For context, under the earlier methodology, the 2024-25 figure for household savings via securities markets would have been ₹5,42,756 crore; a gap of over ₹1.48 lakh crore from the revised number.

Of the ₹6,90,963 crore invested in 2024-25, the bulk flowed through primary markets (₹6,31,510 crore), with mutual funds alone accounting for ₹5,12,765 crore. Secondary market flows contributed ₹59,452 crore.

Under the revised methodology, the rate of gross savings to GDP for FY2024-25 has increased to 34.94%, which would have been 34.47% if the old methodology had continued, a difference of 47 basis points. Net household financial savings also improved to 7.10% of GDP, up from the former estimate of 6.63%.

These may seem like incremental shifts, but at the scale of India's GDP, 47 basis points is not a rounding error. It represents a meaningful upward revision in how much the country is actually saving.

A Shift Away From Gold And Property

What makes this revision particularly interesting is what it reveals about the changing behaviour of Indian households. Physical assets like gold and real estate have historically dominated household savings. Under the old base year data (2011-12), physical savings made up 72% of household savings in 2023-24, with net financial savings at just 28%. The new data for 2024-25 shows financial savings rising to 33%, with physical savings at 67%. It is a gradual but visible tilt.

The use of policies by governments, including tax incentives, financial inclusion initiatives, and digital banking, have been mentioned as some of the reasons behind the trend.
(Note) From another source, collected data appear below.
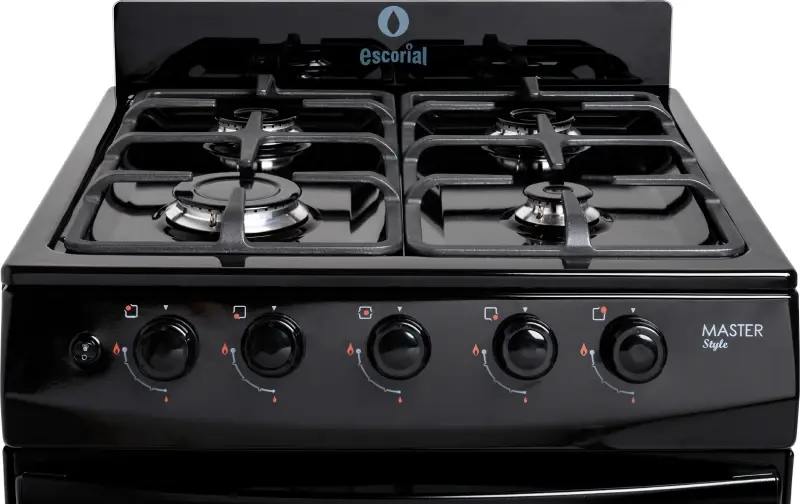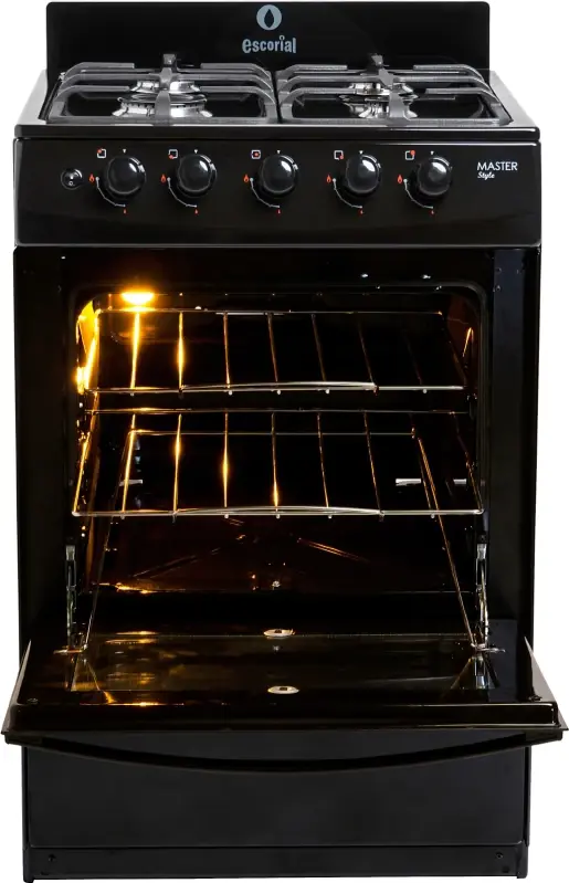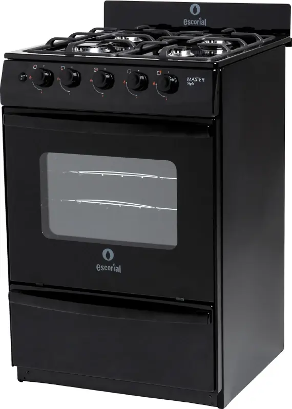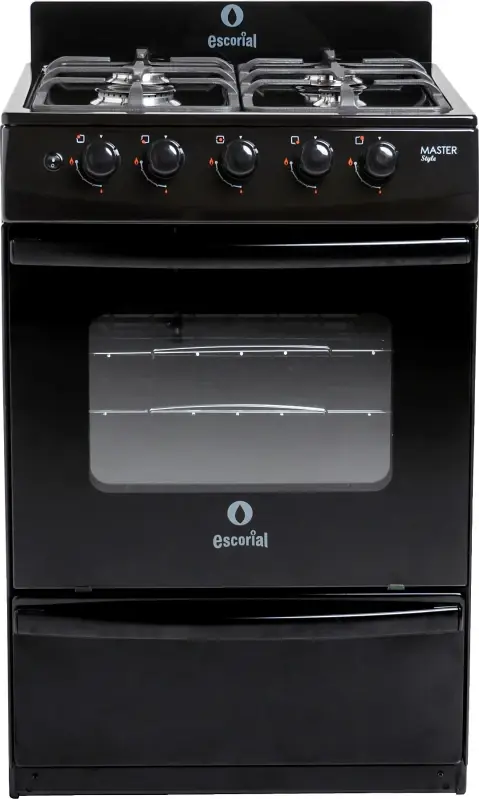 Características.Con 4 hornalla, 2 medianas, 1 chico y 1 grande son de aluminio pulidos con tapa de acero esmaltada que lo hace resistente a las sustancias líquidas que puedan derramarse al momento de cocinar, el horno cuenta con tapa de vidrio y reja de hornoesmaltada y una válvula de seguridad que permite su uso de forma segura.Además, las superficies exteriores e interior del horno totalmente enlozados en polvo electrostático de fácil limpieza.Un producto completo.La cocina MASTER STYLE de Escorial cuenta con 4 hornallas, de encendido eléctrico a mano, es un producto que utiliza gas envasado de clasificación doméstico, es ideal para realizar varias recetas a la vez usando todos los componentes, tanto la hornalla y el horno.Diseño.La estructura de acero inoxidable que asegura su duración por un tiempo prologando y aún más si se aplica los cuidados necesarios en cuanto a higiene. El tamaño de 56 cm otorga un espacio amplio para realizar todo lo que necesitas.Con cajón parrilla y puerta rebatible.
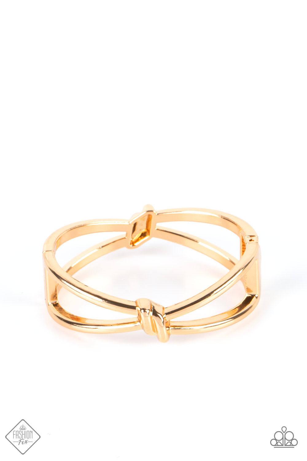Striking gold bars delicately knot at the top and bottom of the wrist, resulting in a sultry bangle-like bracelet that's brushed in high-sheen shimmer. Features a hinged closure.
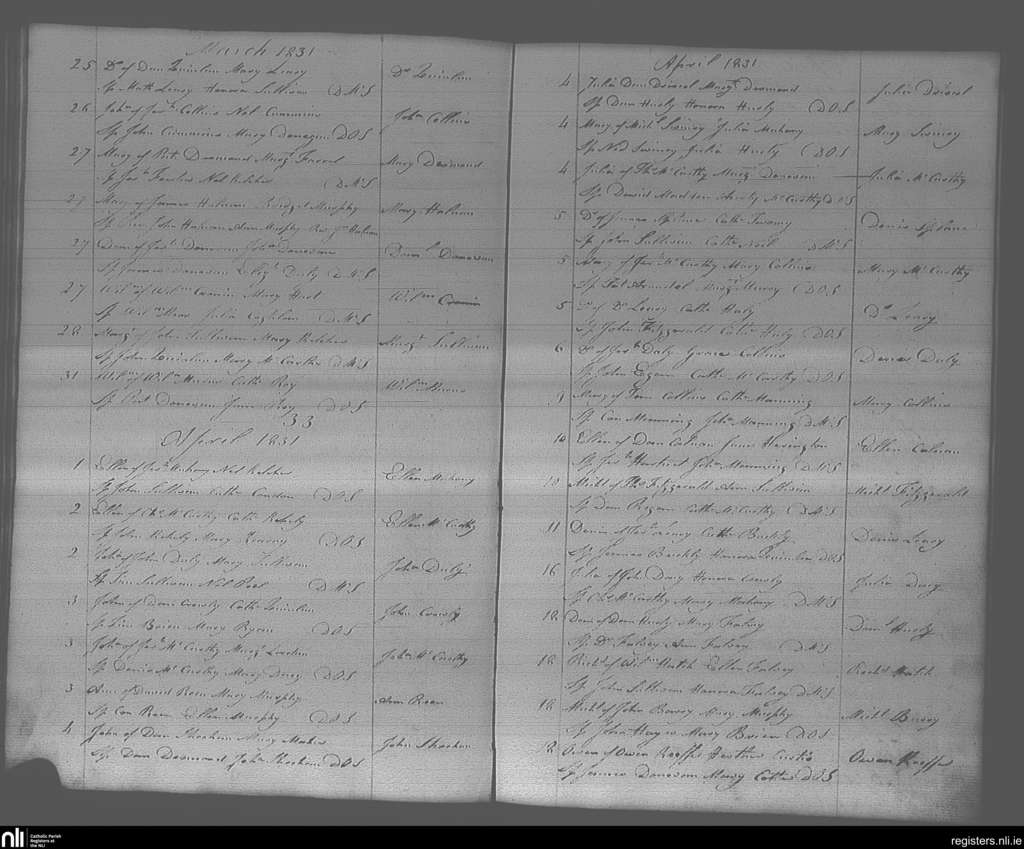Bandon; County of Cork; Diocese of Cork and Ross. Baptisms, Mar. 1831 to Apr. 1831
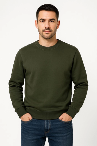 • Męska bluza z okrągłym dekoltem i trzema nitkami – khaki
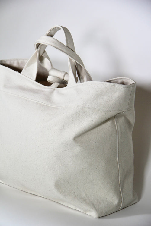 This tote bag is crafted from 100% sustainable eco-cotton, in an off-white upcycled denim material. Perfect for everyday use, to hold all of your essentials.
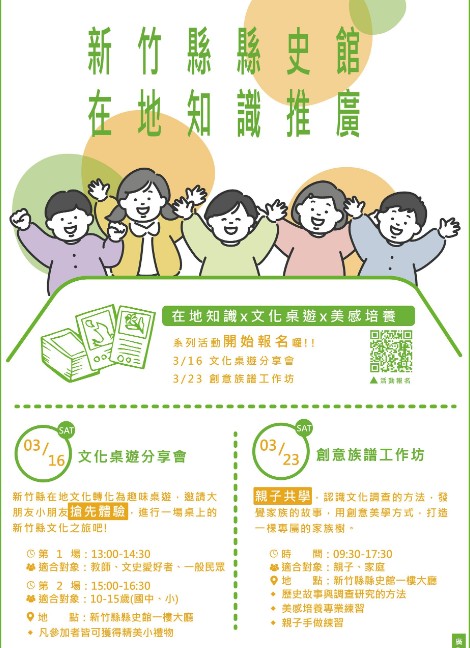 新竹縣政府文化局縣史館舉辦在地知識推廣系列活動,「文化桌遊分享會」及「創意族譜工作坊」分別在3月16日及23日登場,希望大小朋友透過趣味且多元的文化體驗來認識在地知識,歡迎民眾踴躍報名參加。
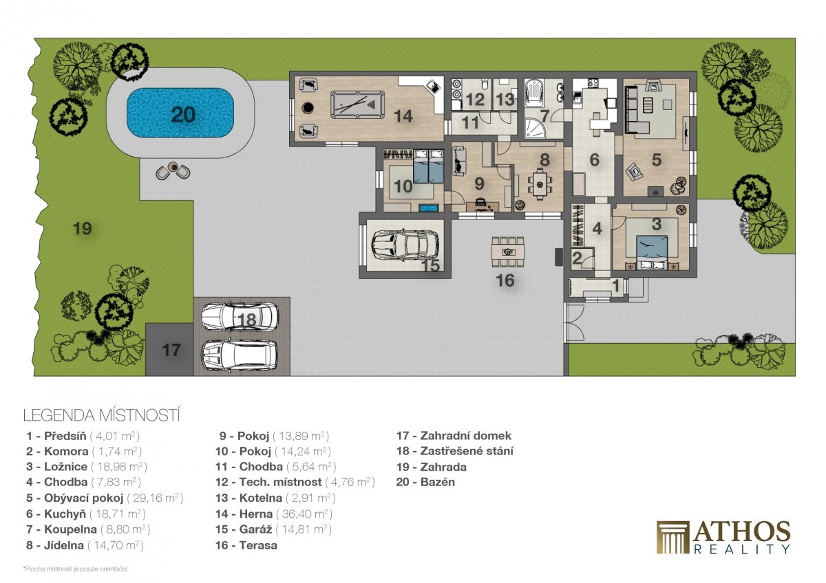 řešení poskytuje ideální zázemí i pro početnější rodinu. Výměry a

The increased accessibility to markets, mobile investments, and the influx of retail investors following the pandemic have all been contributing to making people enter the formal financial system.

Why Does The Revision Matters?

Essentially, the essence of this revision revolves around the quality of data. Projections are made where there is no information available, but these come with some degree of error. The changeover from projections to more precise data derived from depository and exchange sources allows for an accurate assessment of how people manage their finances.

The paper also flags a significant gap in how household financial assets are currently tracked from a stock perspective. While RBI provides data on household financial assets, coverage has historically been limited to mutual fund AUM held by individual investors. Under the revised methodology, the total stock of household assets in India's securities market stood at ₹141.34 lakh crore  at the end of FY2024-25, spanning mutual funds, equities, debt, REITs, InvITs, and AIFs. This is ₹100.05 lakh crore  higher than what the earlier methodology would have captured, a gap that underlines just how much individual wealth sitting in markets was being overlooked.

Conclusion

The point of this paper is clear: the Indian household sector has been saving more than was previously realized through official measures, and in a far wider range of ways. The important thing now is to measure that correctly.